Analysis of the Anticancer Phytochemicals in Andrographis paniculata Nees. under Salinity Stress

1Medicinal Plant Research Center, Shahed University, Tehran 33191 18651, Iran
2Department of Cell and Molecular Biology, Faculty of Biotechnology and Biomolecular Sciences, Universiti Putra Malaysia (UPM), 43400 Serdang, Selangor, Malaysia
3Department of Biochemistry, Faculty of Biotechnology and Biomolecular Sciences, Universiti Putra Malaysia (UPM), 43400 Serdang, Selangor, Malaysia
4Department of Pharmaceutical Chemistry, School of Pharmacy, International Medical University, Bukit Jalil, 57000 Kuala Lumpur, Malaysia
5Department of Crop Science, Faculty of Agriculture, Universiti Putra Malaysia (UPM), 43400 Serdang, Selangor, Malaysia

Received 11 July 2013; Accepted 14 October 2013

Academic Editor: Andrei Surguchov

Copyright © 2013 Daryush Talei et al. This is an open access article distributed under the Creative Commons Attribution License, which permits unrestricted use, distribution, and reproduction in any medium, provided the original work is properly cited.

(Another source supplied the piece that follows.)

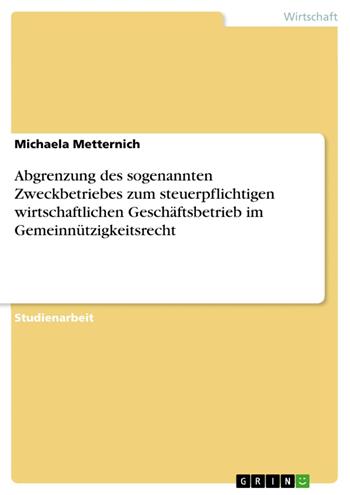 Studienarbeit aus dem Jahr 2016 im Fachbereich BWL - Rechnungswesen, Bilanzierung, Steuern, Note: 2,0, Hochschule RheinMain, Sprache: Deutsch, Abstract: Das Ziel dieser Hausarbeit ist es, die Abgrenzung zwischen Zweckbetrieben und wirtschaftlichen Geschäftsbetrieben näher zu erläutern und die Grauzonen zu definieren. Das Gemeinnützigkeitsrecht ermöglicht es gemeinnützigen Körperschaften, entgegen des im Steuerrecht allgemein gültigen Individualprinzips, den sog. Zweckbetrieb steuerneutral zu unterhalten, d.h. die gemeinnützigen Körperschaften im Rahmen ihres gemeinnützigen Satzungszweckes steuerlich zu entlasten. Das Ziel dieser Steuerentlastung soll die Förderung des Satzungszweckes dienen. Neben dem sog. Zweckbetrieb, können gemeinnützige Körperschaften auch wirtschaftliche Geschäftsbetriebe unterhalten, welche der vollen Besteuerung unterliegen. Das Ziel der Abgrenzung zwischen Zweckbetrieb und wirtschaftlicher Geschäftsbetrieb, ist es eine Körperschaft so zu unterstützen, dass sie ihre gemeinnützigen Zwecke erreichen kann ohne dass sie sie den Wettbewerb durch steuerfreie Gewinne schädigen kann. In der Praxis ist die Abgrenzung zwischen Zweckbetrieb und wirtschaftlicher Geschäftsbetrieb nicht klar zu differenzieren.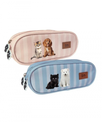 Piórnik saszetka podwójna z kotkiem i pieskiem Interdruk Puppy Sign niebieski

Salinity causes the adverse effects in all physiological processes of plants. The present study aimed to investigate the potential of salt stress to enhance the accumulation of the anticancer phytochemicals in Andrographis paniculata accessions. For this purpose, 70-day-old plants were grown in different salinity levels (0.18, 4, 8, 12, and 16 dSm−1) on sand medium. After inducing a period of 30-day salinity stress and before flowering, all plants were harvested and the data on morphological traits, proline content and the three anticancer phytochemicals, including andrographolide (AG), neoandrographolide (NAG), and 14-deoxy-11,12-didehydroandrographolide (DDAG), were measured. The results indicated that salinity had a significant effect on the aforementioned three anticancer phytochemicals. In addition, the salt tolerance index (STI) was significantly decreased, while, except for DDAG, the content of proline, the AG, and NAG was significantly increased ( ). Furthermore, it was revealed that significant differences among accessions could happen based on the total dry weight, STI, AG, and NAG. Finally, we noticed that the salinity at 12 dSm−1 led to the maximum increase in the quantities of AG, NAG, and DDAG. In other words, under salinity stress, the tolerant accessions were capable of accumulating the higher amounts of proline, AG, and NAG than the sensitive accessions.